Abstract
Background/Aim: Radiation (RT) induced ERK/NF-κB in hepatocellular carcinoma (HCC) has been reported in our previous works; it weakens the toxicity of RT or triggers a radioresistance effect. Thus, combining RT with a suitable NF-κB inhibitor may sensitize HCC to RT. Magnolol, a bioactive compound, was known to have anti-inflammatory and anti-tumor functions. Here, we aimed to investigate whether magnolol may enhance anti-HCC efficacy of RT in vivo. Materials and Methods: We established a Hep3B bearing mouse to evaluate the efficacy of the combination treatment of magnolol and RT. Results: Most significantly, tumor volume and tumor weight inhibition was found in the combination group. Tumor immunohistochemistry staining also illustrated the suppression of RT-induced ERK/NF-κB-related proteins expression by magnolol. In addition, intrinsic apoptosis-related proteins, such as caspase-3 and -9, were markedly increased in the combination group. Conclusion: Magnolol may effectively enhance anti-HCC ability of RT by downregulating the expression of ERK/NF-κB-related proteins and increasing the expression of apoptosis-related proteins.
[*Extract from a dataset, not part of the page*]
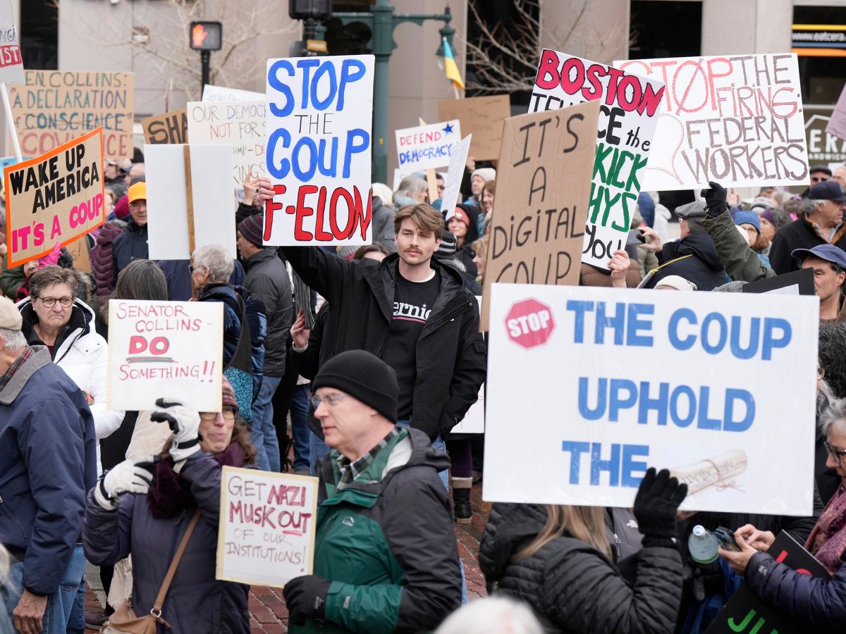 Emotions high at multiple city protests over Trump, Mills, DOGE and transgender athletes

Hepatocellular carcinoma (HCC), the most common type of liver cancer in adults, ranks as the fourth leading cause of cancer-related mortality worldwide (1). Patients with advanced HCC are unsuitable candidates for curative treatment options including surgery, liver transplantation, and percutaneous ablation (2). The low tolerance of whole liver to radiation has restricted application of radiotherapy (RT) for HCC in the past. Recent technology advancements in RT such as intensity-modulated RT (IMRT), image-guided RT (IGRT), hypofractionated radiotherapy (HFRT), and stereotactic body RT (SBRT) can precisely deliver high-dose radiation to HCC while reducing noncancerous liver tissue irradiation (3-5). RT has been shown to provide excellent local control and palliative efficacy in unresectable or metastatic HCC (6).
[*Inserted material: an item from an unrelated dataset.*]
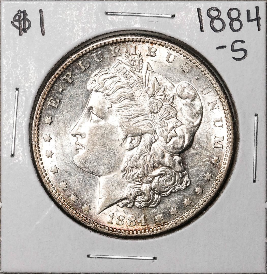One 1884-S $1 Morgan Silver Dollar Coin.
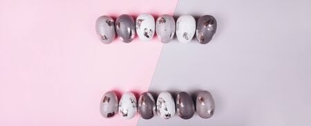Easter eggs in two rows on grey and pink background. copy space.

Tumor growth is suppressed by the combination of magnolol with RT in a Hep3B tumor bearing model. (A) The experimental flow chart of the in vivo study. (B) Tumor growth trend was recorded by calliper every three days. (C) The extracted tumors on day 18 are photographed and are displayed. (D) Whole-body CT image from each treatment group on day 18. (E) The weight of the extracted tumors is measured and quantified. (a1p<0.05 and a2 p<0.01 vs. CTRL; b1 p<0.05 and b2 p<0.01 vs. single treatment)
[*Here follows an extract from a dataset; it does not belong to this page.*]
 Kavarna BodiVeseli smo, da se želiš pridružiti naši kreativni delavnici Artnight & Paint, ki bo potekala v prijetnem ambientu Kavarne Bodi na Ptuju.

In addition to RT technology, radiosensitizers that sensitize HCC to radiation have been developing. Natural products such as ellagic acid, curcumin, and mesima have been indicated as potential radiosensitizers to boost anti-HCC efficacy of radiation. Induction of mitochondrial apoptosis, arrest of cell cycle G2/M phase, and inhibition of NF-κB activation have been associated with the radiosensitizing effect of natural products in HCC (7-9). Magnolol, one of major components of Magnolia officinalis, has been shown to trigger apoptosis through death receptor (extrinsic)/mitochondrial (intrinsic) pathways and to down-regulate extracellular signal-regulated kinase (ERK)/NF-κB signaling in HCC in vitro and in vivo (10, 11). Magnolol was also recognized to have an anti-inflammation and anti-tumor potential (12). However, whether magnolol functions as radiosensitizer and enhances anti-HCC efficacy of radiation has not yet been elucidated. Therefore, the main purpose of the present study was to investigate the therapeutic efficacy and possible underlying mechanism of magnolol combined with radiation in HCC in vivo.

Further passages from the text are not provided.